What is needed: Transcribe word for word the section of the records below that opens with the line containing "The design of" and closes with the line containing "如下图为什么有的医生说正常,有的医生说宝"; drop every picture.

Supplied entries:
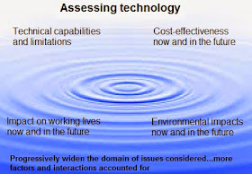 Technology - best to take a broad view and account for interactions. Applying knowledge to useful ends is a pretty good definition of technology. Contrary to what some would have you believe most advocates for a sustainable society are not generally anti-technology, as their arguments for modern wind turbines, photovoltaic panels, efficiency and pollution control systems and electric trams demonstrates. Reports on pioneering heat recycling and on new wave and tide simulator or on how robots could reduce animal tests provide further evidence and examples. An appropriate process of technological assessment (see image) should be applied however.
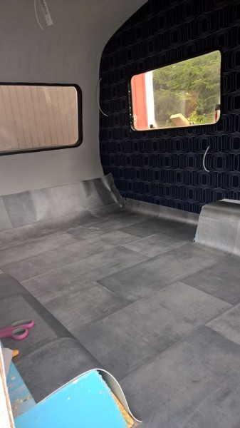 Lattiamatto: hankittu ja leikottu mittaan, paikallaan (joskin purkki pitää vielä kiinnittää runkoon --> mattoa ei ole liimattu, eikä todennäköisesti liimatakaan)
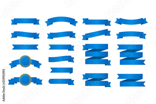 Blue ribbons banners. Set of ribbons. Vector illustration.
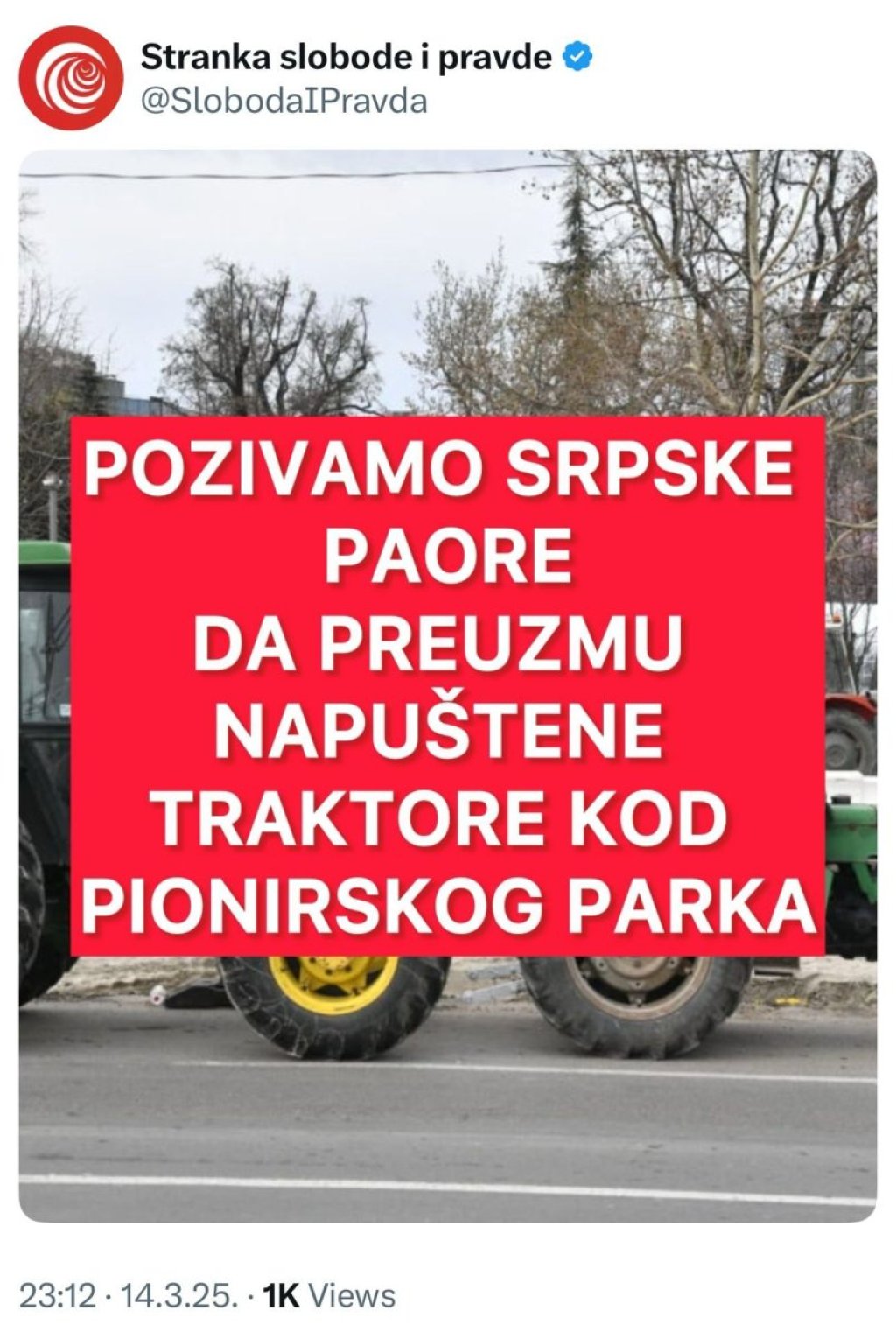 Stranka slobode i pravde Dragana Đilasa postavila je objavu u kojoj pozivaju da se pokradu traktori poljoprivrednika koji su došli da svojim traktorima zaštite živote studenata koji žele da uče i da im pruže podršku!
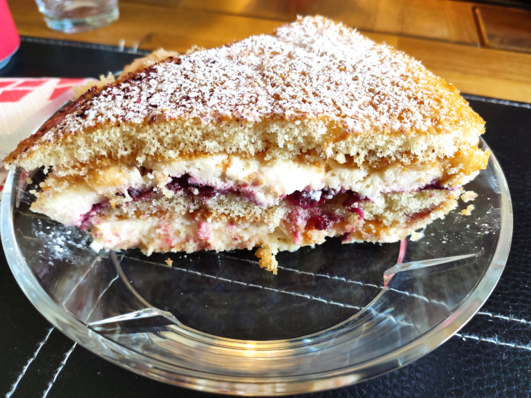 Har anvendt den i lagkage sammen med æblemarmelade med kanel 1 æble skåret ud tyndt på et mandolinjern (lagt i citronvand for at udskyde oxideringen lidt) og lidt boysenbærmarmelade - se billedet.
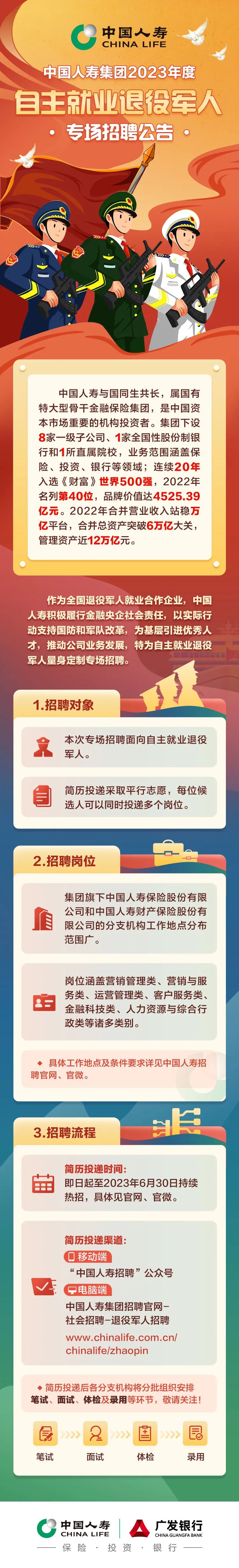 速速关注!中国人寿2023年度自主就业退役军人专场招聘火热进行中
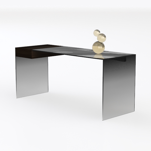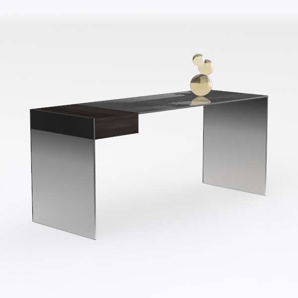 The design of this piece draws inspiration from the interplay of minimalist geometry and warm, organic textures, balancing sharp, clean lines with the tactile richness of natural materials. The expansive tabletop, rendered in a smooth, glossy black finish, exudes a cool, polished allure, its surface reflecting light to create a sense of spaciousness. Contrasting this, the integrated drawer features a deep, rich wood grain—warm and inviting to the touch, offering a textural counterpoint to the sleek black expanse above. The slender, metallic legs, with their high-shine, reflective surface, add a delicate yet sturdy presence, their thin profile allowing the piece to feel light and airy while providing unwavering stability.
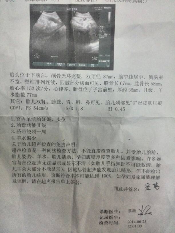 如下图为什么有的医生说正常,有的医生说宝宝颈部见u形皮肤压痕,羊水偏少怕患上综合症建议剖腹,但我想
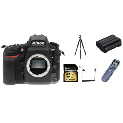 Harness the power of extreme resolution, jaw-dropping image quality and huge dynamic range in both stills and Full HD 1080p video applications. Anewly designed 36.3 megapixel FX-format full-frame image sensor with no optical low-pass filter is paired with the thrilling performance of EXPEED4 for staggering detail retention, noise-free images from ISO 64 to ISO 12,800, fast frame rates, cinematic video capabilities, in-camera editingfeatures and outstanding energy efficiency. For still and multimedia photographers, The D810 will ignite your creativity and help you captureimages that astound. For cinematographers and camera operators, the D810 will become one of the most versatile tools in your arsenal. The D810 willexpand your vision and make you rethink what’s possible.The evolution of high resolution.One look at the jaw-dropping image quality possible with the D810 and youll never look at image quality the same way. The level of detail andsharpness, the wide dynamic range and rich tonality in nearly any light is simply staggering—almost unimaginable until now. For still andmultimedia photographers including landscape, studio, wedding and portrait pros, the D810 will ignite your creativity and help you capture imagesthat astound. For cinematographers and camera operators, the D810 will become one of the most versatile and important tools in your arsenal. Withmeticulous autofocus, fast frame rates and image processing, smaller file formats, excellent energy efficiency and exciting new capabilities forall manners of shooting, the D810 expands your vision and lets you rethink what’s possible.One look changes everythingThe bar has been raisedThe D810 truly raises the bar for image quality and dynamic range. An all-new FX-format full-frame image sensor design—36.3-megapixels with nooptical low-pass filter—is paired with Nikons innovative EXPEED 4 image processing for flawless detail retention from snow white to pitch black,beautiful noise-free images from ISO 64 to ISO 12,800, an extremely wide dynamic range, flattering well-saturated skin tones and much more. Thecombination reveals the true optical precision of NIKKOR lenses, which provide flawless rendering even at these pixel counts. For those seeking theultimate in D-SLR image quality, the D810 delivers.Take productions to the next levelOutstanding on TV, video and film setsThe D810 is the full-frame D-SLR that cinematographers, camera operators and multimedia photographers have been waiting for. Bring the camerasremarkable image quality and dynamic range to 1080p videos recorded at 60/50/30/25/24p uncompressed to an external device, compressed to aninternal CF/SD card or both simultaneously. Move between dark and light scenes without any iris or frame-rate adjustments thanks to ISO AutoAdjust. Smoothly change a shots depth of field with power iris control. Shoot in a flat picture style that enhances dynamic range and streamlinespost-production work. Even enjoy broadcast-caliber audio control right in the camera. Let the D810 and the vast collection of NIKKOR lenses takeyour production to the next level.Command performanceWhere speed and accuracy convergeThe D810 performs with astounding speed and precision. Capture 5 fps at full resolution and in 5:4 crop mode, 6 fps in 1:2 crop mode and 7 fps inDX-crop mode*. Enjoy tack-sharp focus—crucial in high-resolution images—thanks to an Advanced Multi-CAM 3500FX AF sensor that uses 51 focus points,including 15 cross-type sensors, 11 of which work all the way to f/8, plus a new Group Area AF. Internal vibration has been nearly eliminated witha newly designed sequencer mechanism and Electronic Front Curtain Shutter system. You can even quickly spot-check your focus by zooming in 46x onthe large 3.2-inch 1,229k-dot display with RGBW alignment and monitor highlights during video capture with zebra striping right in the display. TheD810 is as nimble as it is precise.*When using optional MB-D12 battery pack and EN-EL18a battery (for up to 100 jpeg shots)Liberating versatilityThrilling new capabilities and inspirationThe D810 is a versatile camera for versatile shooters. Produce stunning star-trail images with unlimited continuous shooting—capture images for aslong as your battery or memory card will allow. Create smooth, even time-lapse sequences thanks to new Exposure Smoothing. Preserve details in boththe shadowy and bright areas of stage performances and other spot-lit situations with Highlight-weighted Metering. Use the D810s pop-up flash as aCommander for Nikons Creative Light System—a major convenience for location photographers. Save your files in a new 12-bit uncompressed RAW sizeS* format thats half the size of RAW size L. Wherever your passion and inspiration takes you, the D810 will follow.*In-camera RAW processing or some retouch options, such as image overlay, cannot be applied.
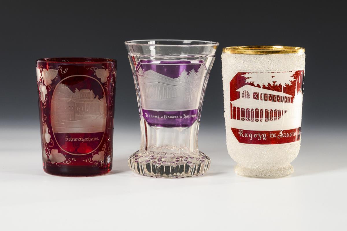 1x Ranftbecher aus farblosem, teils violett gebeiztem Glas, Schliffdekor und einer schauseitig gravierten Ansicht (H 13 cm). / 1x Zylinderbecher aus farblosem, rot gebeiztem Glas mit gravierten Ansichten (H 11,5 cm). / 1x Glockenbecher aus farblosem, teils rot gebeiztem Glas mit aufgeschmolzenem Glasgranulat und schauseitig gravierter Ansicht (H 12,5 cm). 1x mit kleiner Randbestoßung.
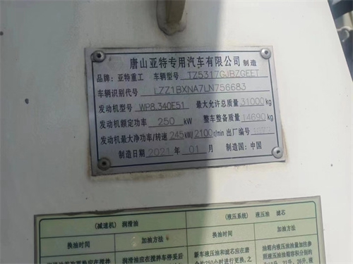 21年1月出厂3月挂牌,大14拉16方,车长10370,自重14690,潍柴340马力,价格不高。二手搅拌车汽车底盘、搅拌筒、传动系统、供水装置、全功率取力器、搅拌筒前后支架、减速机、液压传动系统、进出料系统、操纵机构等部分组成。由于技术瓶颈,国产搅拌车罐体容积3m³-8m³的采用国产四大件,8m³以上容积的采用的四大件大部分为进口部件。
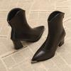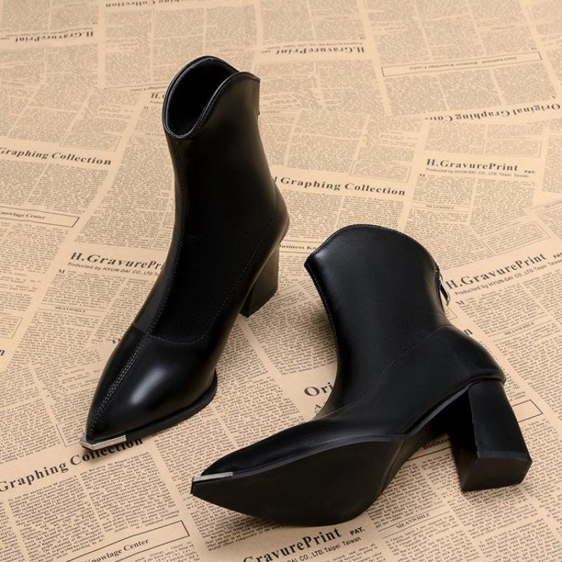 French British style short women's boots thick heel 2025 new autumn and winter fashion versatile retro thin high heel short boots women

Result for this task:
 The design of this piece draws inspiration from the interplay of minimalist geometry and warm, organic textures, balancing sharp, clean lines with the tactile richness of natural materials. The expansive tabletop, rendered in a smooth, glossy black finish, exudes a cool, polished allure, its surface reflecting light to create a sense of spaciousness. Contrasting this, the integrated drawer features a deep, rich wood grain—warm and inviting to the touch, offering a textural counterpoint to the sleek black expanse above. The slender, metallic legs, with their high-shine, reflective surface, add a delicate yet sturdy presence, their thin profile allowing the piece to feel light and airy while providing unwavering stability.
 如下图为什么有的医生说正常,有的医生说宝宝颈部见u形皮肤压痕,羊水偏少怕患上综合症建议剖腹,但我想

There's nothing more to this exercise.